◆ Problem details ◆
From the material below, copy exactly the lines beginning with the one that contains "Yuki Ebihara at" and ending with the one that contains "Photo by: Joakim"; the pictures stay out.

◆ Provided records ◆
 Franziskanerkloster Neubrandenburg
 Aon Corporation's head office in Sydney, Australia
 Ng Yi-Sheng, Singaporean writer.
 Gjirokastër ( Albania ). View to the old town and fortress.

--

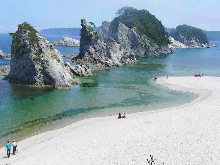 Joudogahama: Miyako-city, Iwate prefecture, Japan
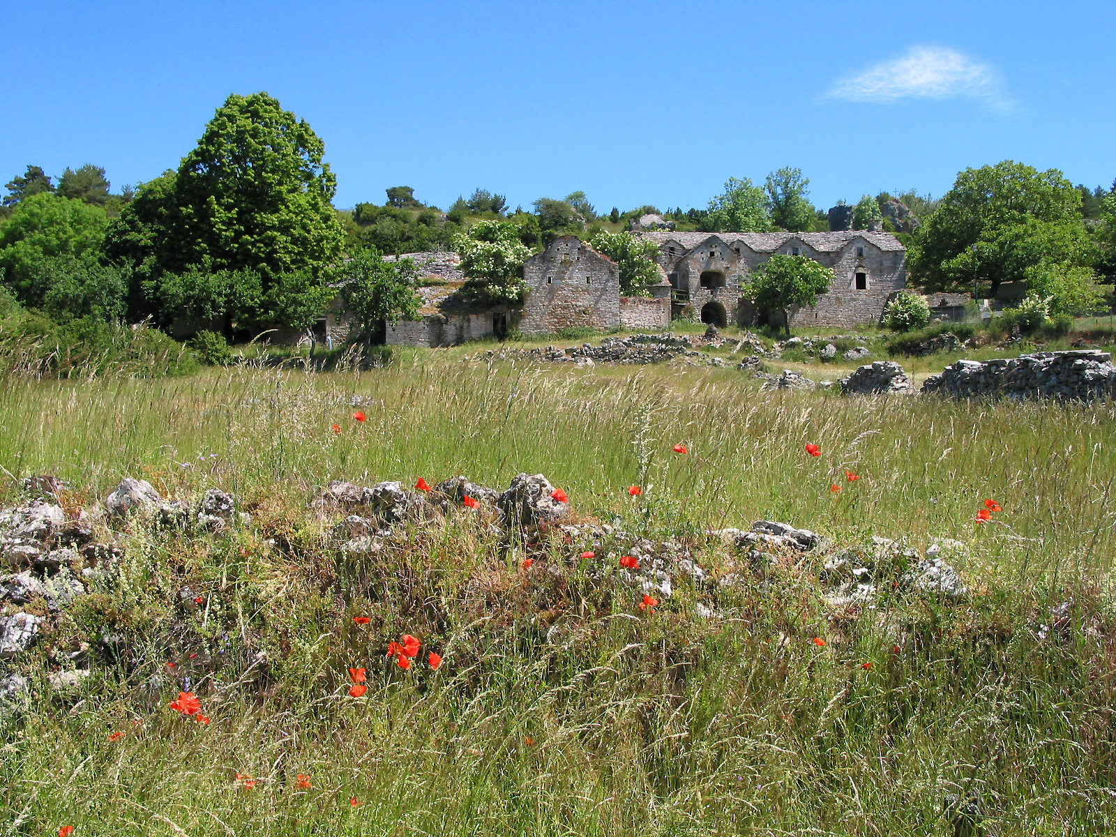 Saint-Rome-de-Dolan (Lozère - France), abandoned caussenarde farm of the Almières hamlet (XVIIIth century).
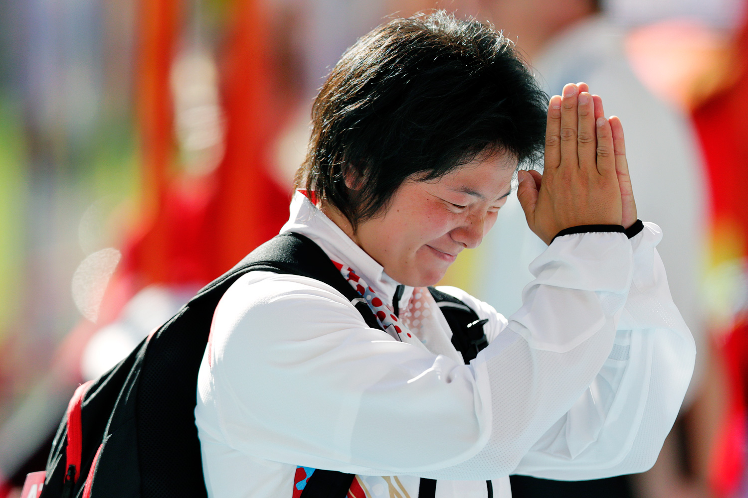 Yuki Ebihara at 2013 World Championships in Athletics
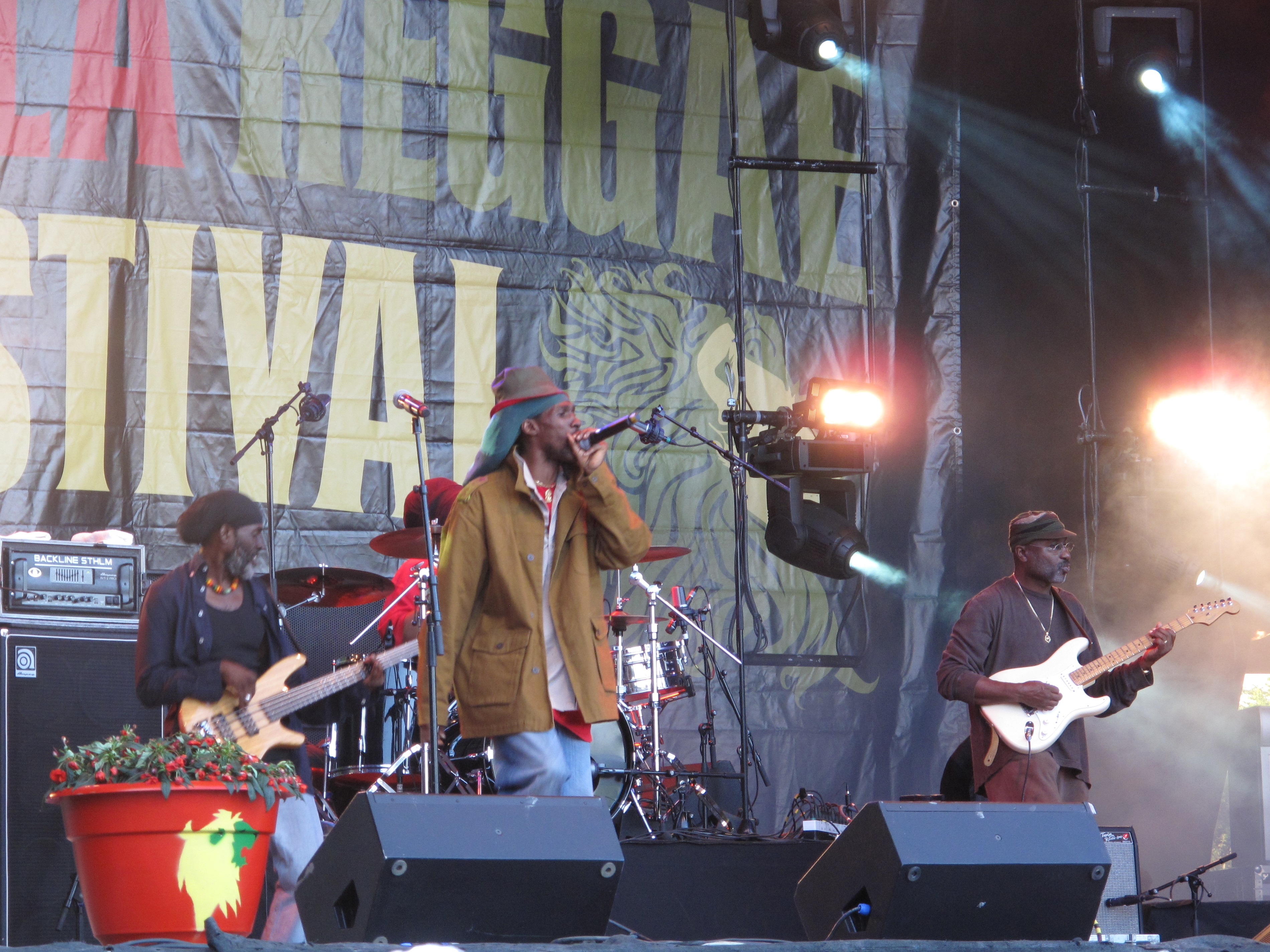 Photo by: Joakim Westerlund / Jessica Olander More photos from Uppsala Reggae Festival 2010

◆ Answer to this exercise ◆
 Yuki Ebihara at 2013 World Championships in Athletics
 Photo by: Joakim Westerlund / Jessica Olander More photos from Uppsala Reggae Festival 2010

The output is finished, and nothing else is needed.